クリアチャンネルという米国最大のラジオ局ネットワークが、今、ウオール街の話題だ。同局はデジタルミュージックプレーヤーとか衛星放送に押され気味で、近年は世界中に100万箇所を越す屋外広告を運営して稼いでいた。そこにベインなどの大手買収ファンドが195億ドルの買収を仕掛けたのだが、それが頓挫しそうとWSJが報じた。この一件がなぜ話題になるかと言えば、昨日述べたヘッジファンドと同じような背景があるから。今日も日経朝刊に"国内に拠点を置く"買収ファンドが過去最大に、との記事が出ているが、今をときめくこの分野にも信用収縮の影響が色濃く出始めた例がこの一件なのだ。

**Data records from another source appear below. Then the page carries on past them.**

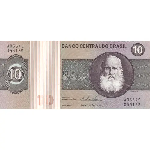 | Obverse lettering | BANCO CENTRAL DO BRASIL 10 10 DEZ CRUZEIROS D. PEDRO II 10 PRESIDENTE CONSELHO MONETÁRIO PRESIDENTE BANCO CENTRAL (Translation: Brazilian Central Bank 10 Ten Cruzeiros D. Pedro II 10 President Monetary Council President Central Bank) |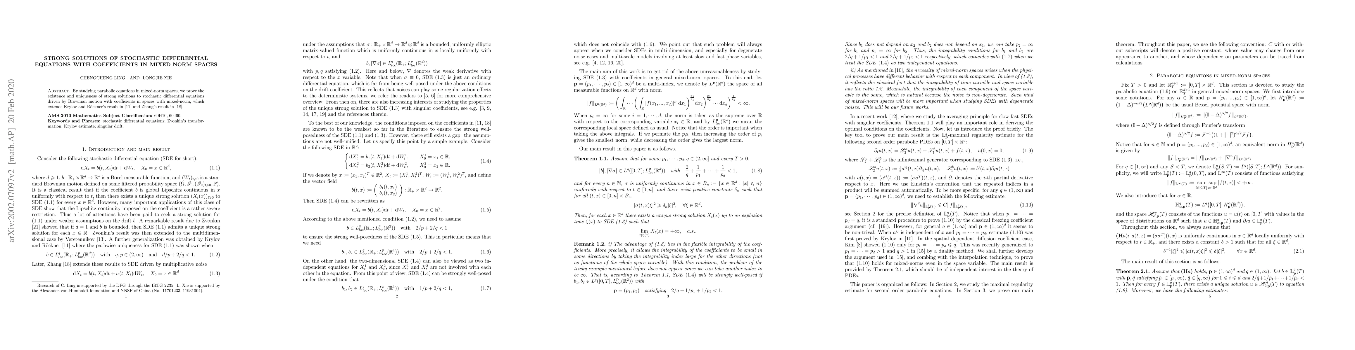This paper proves the existence and uniqueness of strong solutions for stochastic differential equations driven by Brownian motion, where the coefficients are defined in mixed-norm spaces, extending previous results by Krylov, Röckner, and Zhang.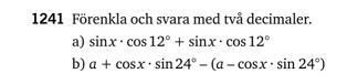 cos x * sin (24) + cos x * sin (24) : här tänkte jag att det skulle bli 2 cos x, men det blir det ju inte av nån anledning utan vi får sin (24)* 2= 0,81 , och svaret blir 0,81*cos x . Blir det inte 0,81*2 cos x för att hela parentesen (cos x*sin(24)) är en enhet? Och man multiplicerar den en gång med 2, inte två gånger?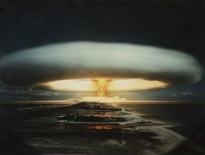 C. E. A. (Commission d’Énergie Atomique - Armée française) Essais nucléaires français dans le Pacifique, Mururoa. Tir Licorne, 3 juillet 1970.Trois épreuves argentiques d’époque en couleurs.Formats : de 12,7 x 8,5 à 17,6 x 23,5 cm

一般的に買収ファンドは銀行団から融資を受け、ヘッジファンドと同じようにレバレッジをかけた資金で企業を買収する。ところが、クリアチャンネルについては、シティー、モルスタ、ドイッチェ、クレディスイスなどの銀行団が急に貸し渋り始めたのだ。もちろん理由はサブプライム発の信用不安=信用収縮。自動車ローン、クレジットカード、学生奨学ローン、商業用不動産とドミノのように拡大する現象、そしてディレバレッジが、こういう分野にも波及してきたのだ。

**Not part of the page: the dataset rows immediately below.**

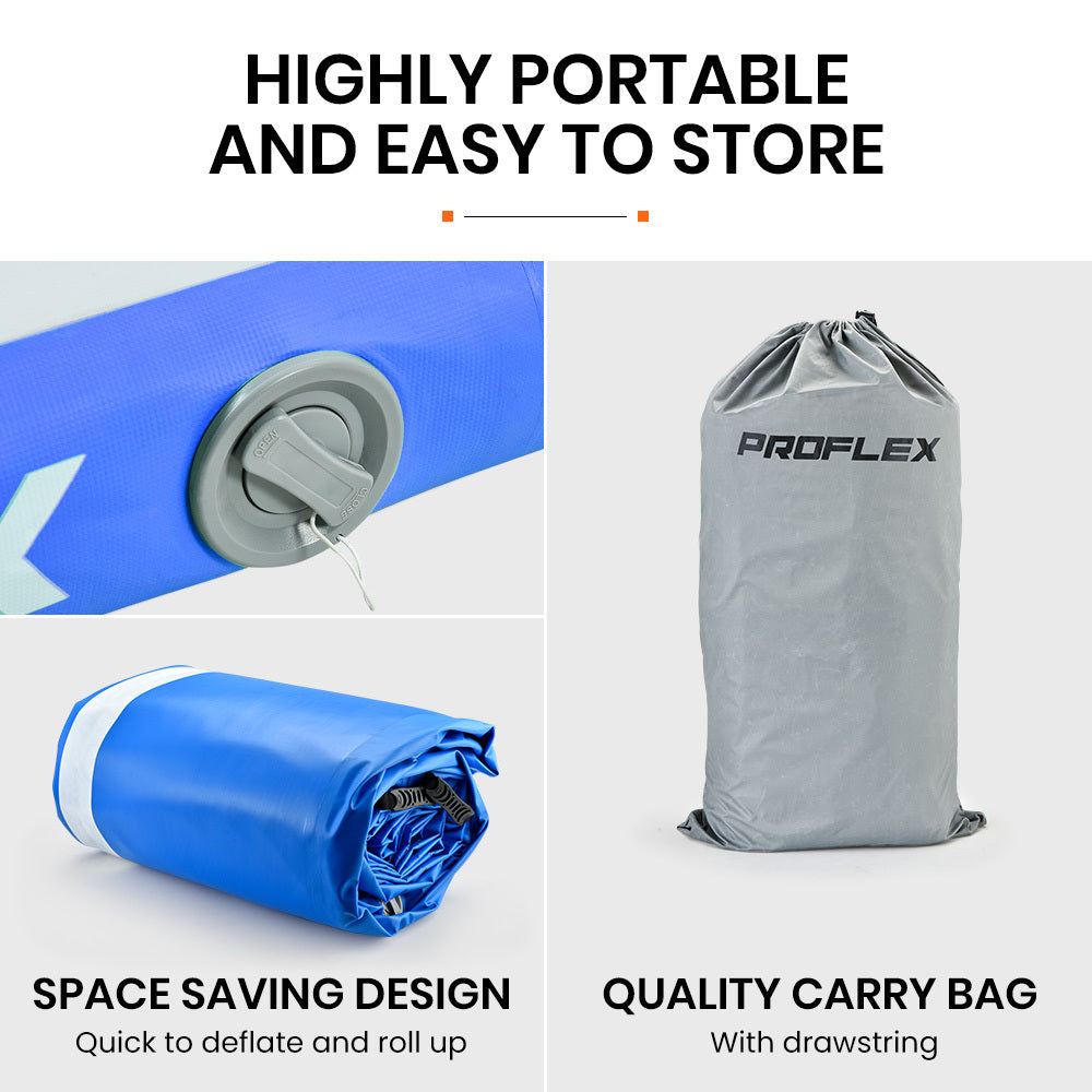 4 reinforced handles and the lightweight design allow you to easily transport your Air Track to wherever you need it. After deflation, the Air Track can be quickly rolled up and easily carried or stored in the included Proflex drawstring carry bag.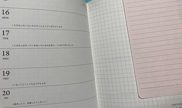 これならきっと、記入をあまりしない週なんかがあってもなんかいいかなって思えちゃいそうなゆるさがいいですね。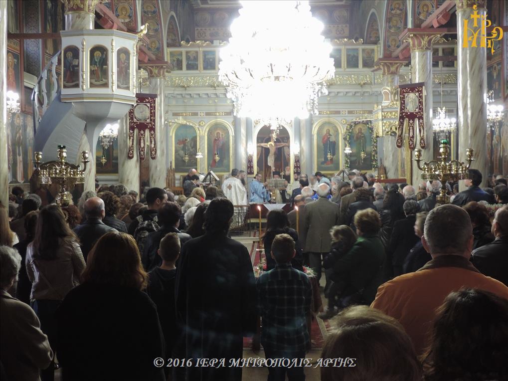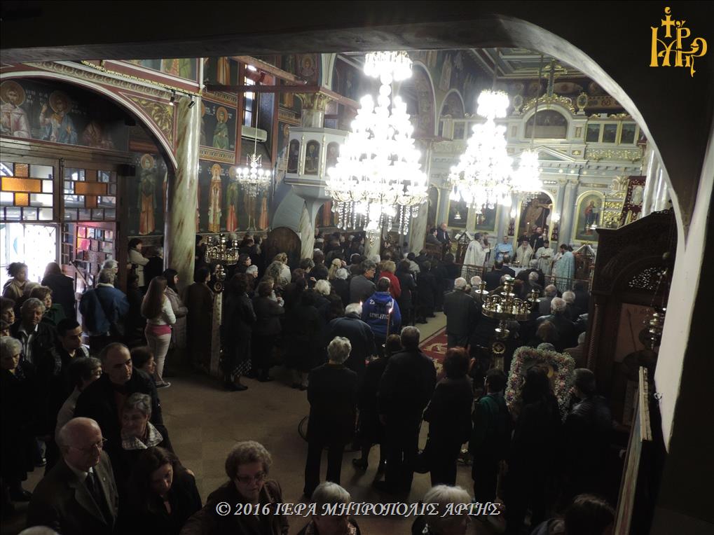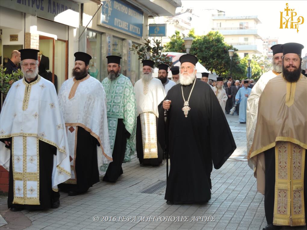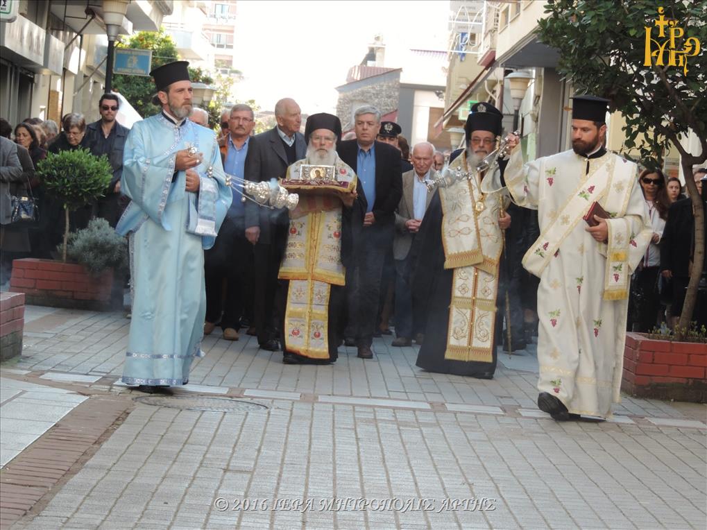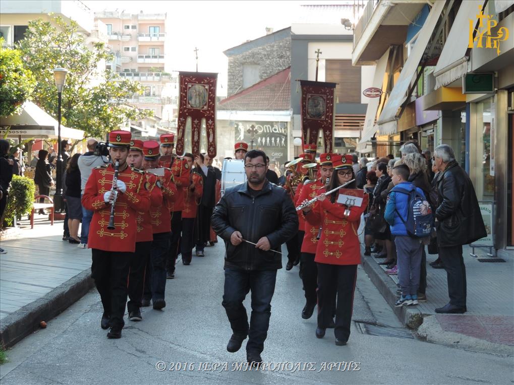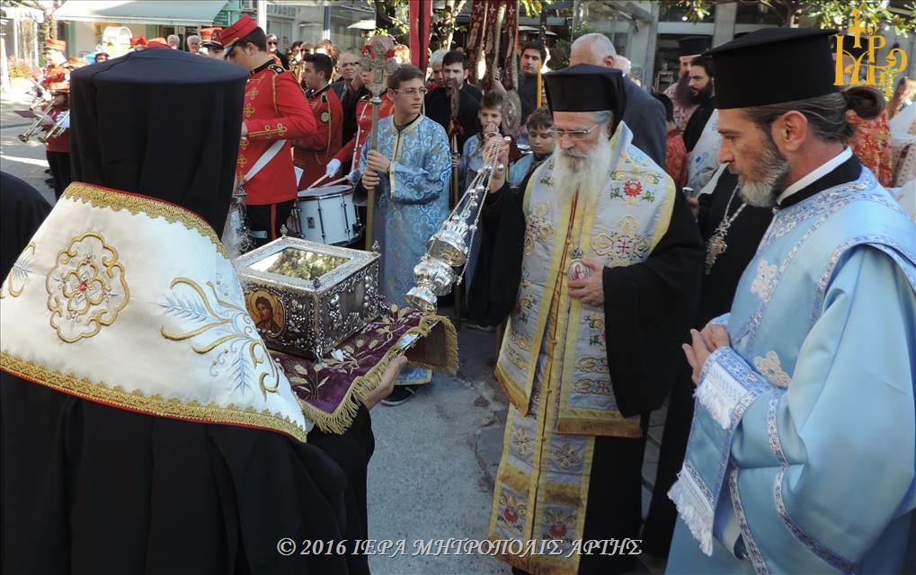 Το Ιερό λείψανο υποδέχθηκε ο Σεβασμιώτατος Μητροπολίτης Άρτης κ. Ιγνάτιος, στην πλατεία Μονοπωλίου, μετά του Κλήρου, των Αρχόντων και πολλών ευσεβών χριστιανών. Εν πομπή το άγιο προσκύνημα έφτασε στον Ιερό Ναό του Αγίου Γεωργίου όπου τελέσθηκε το Μυστήριο του Ιερού Ευχελαίου.

もうひとつの話題は、べアスタ本社に抗議デモの一団が乱入したこと。米国テレビ局も、しきりに現場中継を流していた。"べアスタより低所得者のサブプライムローン借り手を救済せよ"とのメッセージ。まぁ、ありがちな、おそらくactivist(扇動者)による仕掛けであろうが、もしべアスタ救済されずば、CDO市場は破たんし、金融危機が現実のものになっていたのだよ。その禍は米国全国民、否、全世界に及んでいたであろうことを考えるべきだね。bailout(救済)しなければwipeout(全滅)になっていたというコメントに◎!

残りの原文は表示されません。